The subject of undiscovered aquatic, subterranean or terrestrial animal life throughout the world is a topic receiving an increasing amount of attention by scientists and the lay public alike. New species are constantly being discovered from remote areas in such familiar places as Vietnam, to the depths of the Amazon River in South America, resulting in the verification of local legends, oral traditions and myths of various indigenous peoples.
Cryptozoology for example, the scientific term for such investigations, has been quite popular for many years, in its attempts to search out, document, and authenticate, the existence of previously undiscovered or rare fauna or life-forms.
Early Native-American legends & traditions are filled with accounts of strange and often savage animals, which the various tribes encountered or fought into extinction over the centuries. Well-documented publications exist of data concerning megafauna or large animals, such as the mastodons and mammoths, who appear to have possibly survived into comparatively recent times, as was revealed by Delaware or Lenni-Lenape legends, and the apparently non-fossilized remains of such creatures, as found by both Indians and pioneers alike, at 'Big Bone Lick,' in present-day Boone County, Kentucky.
Dr. Adrienne Mayor, a Classical Folklorist & Historian, has attempted in her recent work, Fossil Legends of the First Americans (NJ: Princeton University Press., 2005), to relate such encounters or traditions as being based solely upon the discovery of the fossilized remains of now extinct creatures, whose bones stimulated the imagination of the Native-Americans to 'create' tales and myths to explain their existence.
Though the above work no doubt explains, in part, the existence of such legends, it does not negate the possibility that prehistoric animals, both known & unknown to present-day science, may have existed up into the historic period or time of European contact.
Early French explorers encountered the drawings of the Piasa, a dragon-like creature whose picture by Native-Americans once decked the bluffs that existed at Alton, Illinois, on the Illinois River, while early recorded Iroquois traditions relate that tribes' conflict with the last remnant of a large creature referred to as the 'Hairless or Naked Bear.'
Sioux Indians of the Plains, who once resided in the Ohio Valley, have preserved many accounts of the Unktehi, a mysterious 'water-monster' that occasionally ate tribesmen, while the Cherokee people, told many stories of the Uktena, a giant rattle-snake who possessed what was referred to as a 'jewel' or the 'ulun suti' in its head, a treasure which many tribal warriors attempted to possess at the risk of their own lives.

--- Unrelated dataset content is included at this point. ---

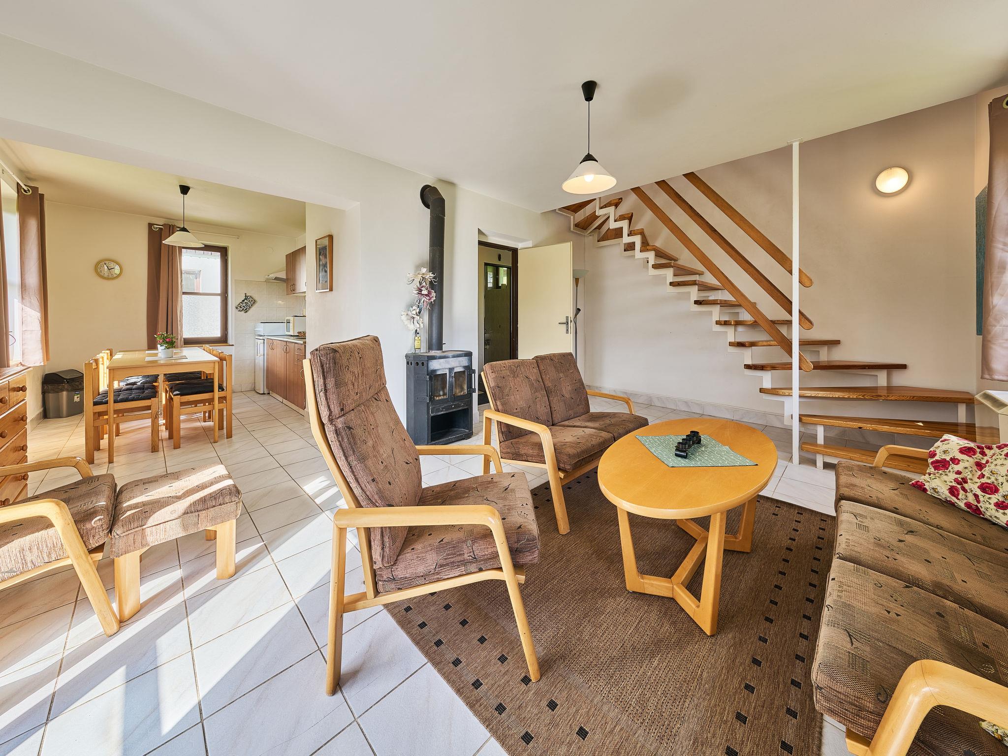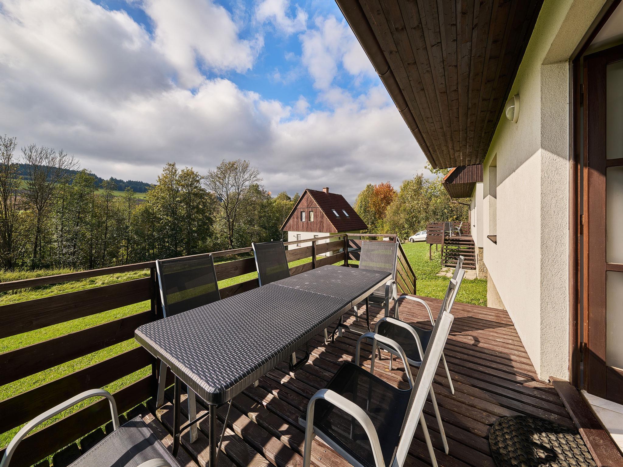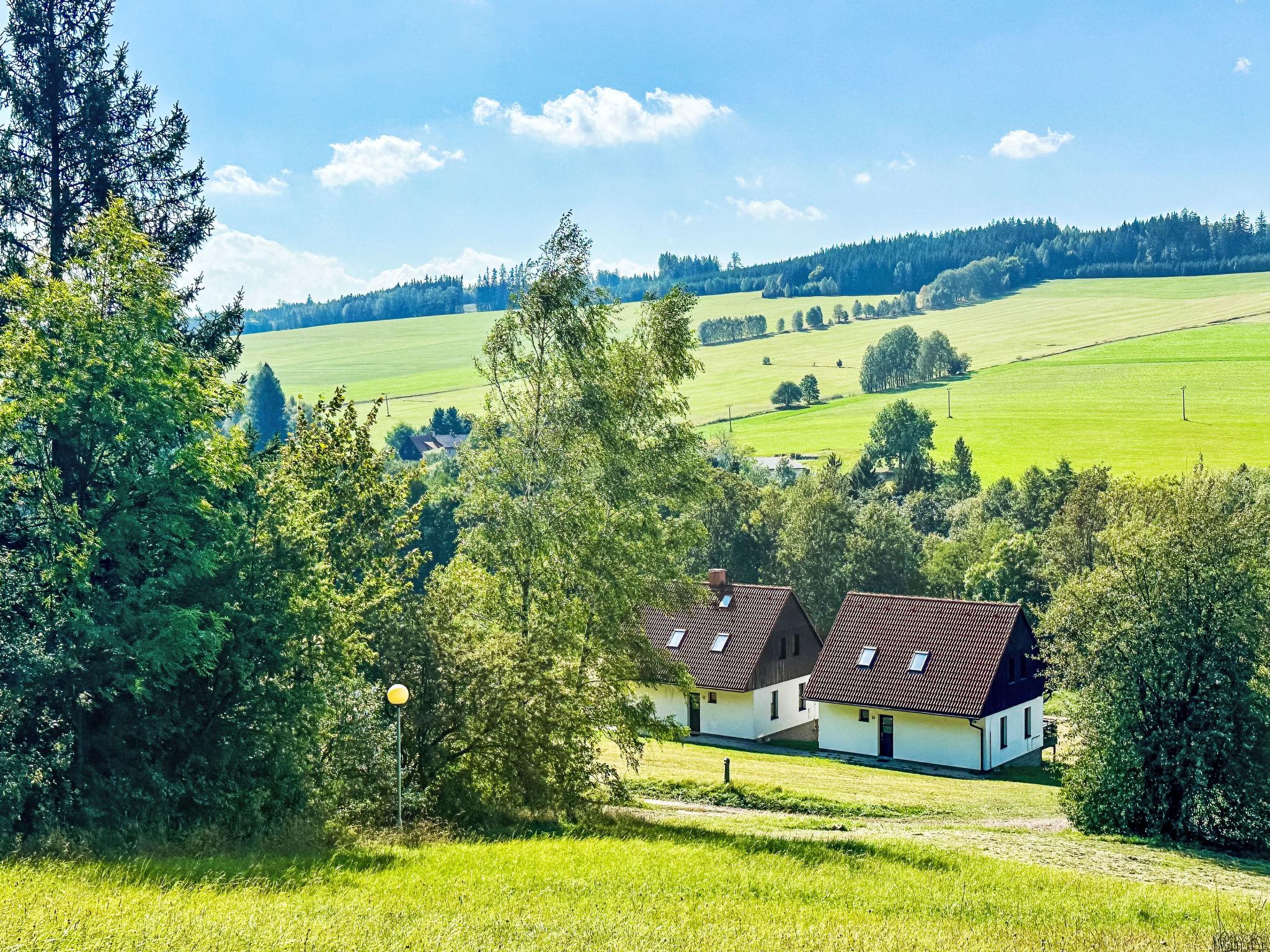 Stárkov 18 km from Náchod: Resort "Stárkov", 450 m a.s.l., semi-detached, built in 1997, surrounded by meadows. 22 houses in the resort. On the outskirts, in a sunny, elevated position on a slope, along the wooded area, 24 km from the lake, 10 km from the skiing area, in the countryside. For shared use: property 10 ha, meadow, pond, swimming pool (8 x 4 m, depth 150 cm, seasonal availability: 15.Jun. - 16.Sep.). Table tennis, volleyball, badminton, volleyball court, beach volleyball, patio, barbecue, fireplace, children's playground (slide, swing, sandbox). In the complex: reception, lounge, bistro, massage (extra). Billiard table, table football, trampoline, kiosk, storage room for bicycles, laundry (extra). Linen change (suppl. charge extra). Towel change (suppl. charge extra). Room cleaning on request (extra). Bread roll service possible on request. Pre-arrival grocery service. Motor access to 200 m from the house. Parking at the house. Grocery 1 km, supermarket 8 km, restaurant 1 km, café 10 m, bus stop "Stárkov,mlékárna" 280 m, railway station "Ždár nad Metují" 4.6 km, indoor swimming pool 18 km. Golf course (9 hole) 26 km, sailing school 26 km, tennis 500 m, riding stable, walking paths from the house, cycle lane 10 m, ski lift 6 km, ski school 17 km, cross country ski track 100 m, ice rink 8 km, children's playground 10 m. Nearby attractions: Adršpašsko-teplické skály 15 km, Náchod 17 km, Broumovské steny 17 km, Ratiborice a Babiccino údolí 22 km, Broumov 24 km, Relaxpark Pec pod Snežkou 50 km. Well-known ski regions can easily be reached: Radvanice 10 km, Petríkovice 17 km, Mladé Buky 36 km. Well-known lakes can easily be reached: vodní nádrž Rozkoš 26 km. Please note: suitable for families, suitable for seniors baby equipment on request (included).

Having given a 'background' to the subject, I offer the following account, preserved in The Independent Gazetteer, or The Chronicle of Freedom, published in Philadelphia, Pennsylvania, on Saturday, June 3rd, 1786, and entitled, "Extract of a letter from an officer on the Ohio, to his parents in Windham, Connecticut," which contains the following:
A creature of the amphibious kind, by the Indians called Oquao, is not the least remarkable among the innumerable curiosities with which this country abounds. This animal has two heads; a property, which, perhaps, belongs not to any other in existence: His tail is fifteen feet long: otherwise he in some measure resembles a turtle:By day the Oquao is rarely seen, then he lies close in his retreat, under water, but in night he wanders abroad to satisfy his hunger---The deer are his favorite game: and his manner of taking them is insidious and cruel: He places himself in a deer path, where without motion, and having the appearance of a lump more than of an animal, he waits the approach of his un-suspicious prey.The deer strides heedless over his destroyer, who throws out his tail, entwines him in a moment, drags him in spite of all his resilience, to the next creek, and there drowns and devours him.
One of these uncommon animals was discovered last week by a soldier early in the morning, as he was dragging off the booty of the night: Several gentlemen who were there went immediately in quest of him; and as these creatures are far from being swift, he was soon overtaken: With great difficulty, after having borne the strokes of a dozen clubs for nearly half an hour, he was killed---happily for us he held his prey to the last, otherwise our attempt might have been attended with some danger---His eyes had such a malignant keeness, that I could not help regarding the very sight of him as being truly horrid. We released the deer, which was already dead, from his fatal gripe {grip}, brought him home, and weighed him (the Oquao) and found his weight four hundred forty-four pounds.
One can choose to believe whether the above account is fictive or based in reality. Perhaps it was an encounter with an extremely large alligator which now are not native to the Ohio Valley. The rare 'blue-eyed albino alligators' of the Southern swamps, which are occasionally encountered today, relate however that abnormalities do occur at times within the animal kingdom.
Ancient, Medieval & even frequent modern accounts of the birth of two-headed snakes, calves, turtles, and even human Siamese twins that attain maturity or adulthood, attest to the possible validity of such an account as recorded in 1786.
If nothing else, the above reveals once again the vast diversity of materials that await curious researchers, as they peruse the collections available here at The Historical Society of Pennsylvania.